Notice that we created variables to hold the month and day values that go into the date. Furthermore, we are not concerned with the day of the month so we simply use the first day of the month as a placeholder.

Data Visualization

Now that we have cleaned up our data let's take a look our results. To do this we install matplotlib using

pip install matplotlib

in our virtual environment. We then import matplotlib.pyplot to allow access to some of the graphical functionality in matplotlib. Below we can see our results:

In [9]:
import matplotlib.pyplot as plt
regular_unleaded.plot(x='date', y='value')
plt.xlabel('Date')
plt.ylabel('Price (dollars)')
plt.title("Regular Unleaded Price over Time")
Out[9]:
Text(0.5, 1.0, 'Regular Unleaded Price over Time')
No description has been provided for this image

We can see from our plot above the average price of regular unleaded has an upward trend. In addition, we can see that our greatest average price occurred recently (based on our current range of data). To see our start and end date for this collection of data consider the following code:

In [10]:
# get earliest date
min(regular_unleaded['date'])
Out[10]:
Timestamp('1976-01-01 00:00:00')
In [11]:
# get newest date
max(regular_unleaded['date'])
Out[11]:
Timestamp('2023-08-01 00:00:00')

We mentioned the recent date with the highest average price. Let's calculate this value and determine the exact date in our date range.

In [12]:
# Maximum value
max_price = max(regular_unleaded['value'])
max_price
Out[12]:
5.058

Now to find the date with the maximum price.
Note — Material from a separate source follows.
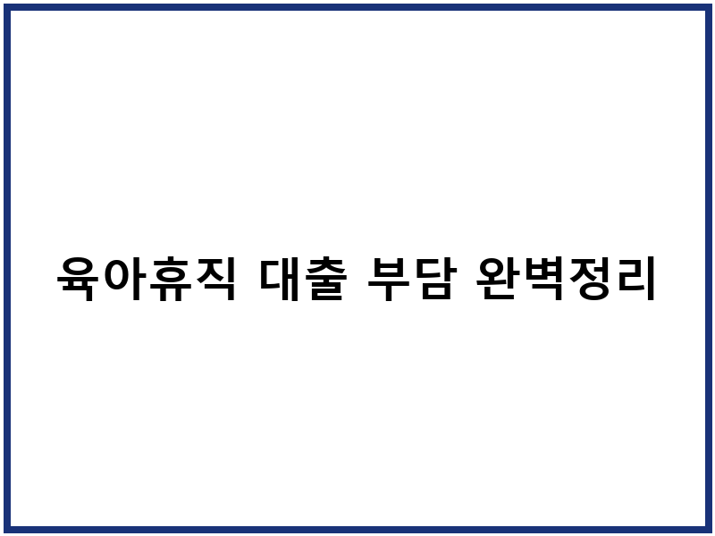 육아휴직 대출 부담 완벽정리

Since we can visually see that we do not have a repeat year we can do the following:

In [13]:
regular_unleaded['value'].idxmax()
Out[13]:
891

With this we can get the actual date of the max value as follows:

In [14]:
regular_unleaded.loc[891, 'date']
Out[14]:
Timestamp('2022-06-01 00:00:00')

Thus, the greatest average price for regular unleaded was in June of 2022.

Conclusion

This is a really rich dataset with a lot of data which can be extracted. In this post we demonstrated how to create a time series plot using one component of this massive dataset. In a future post we will revisit this dataset and extract some more insights using this dataset.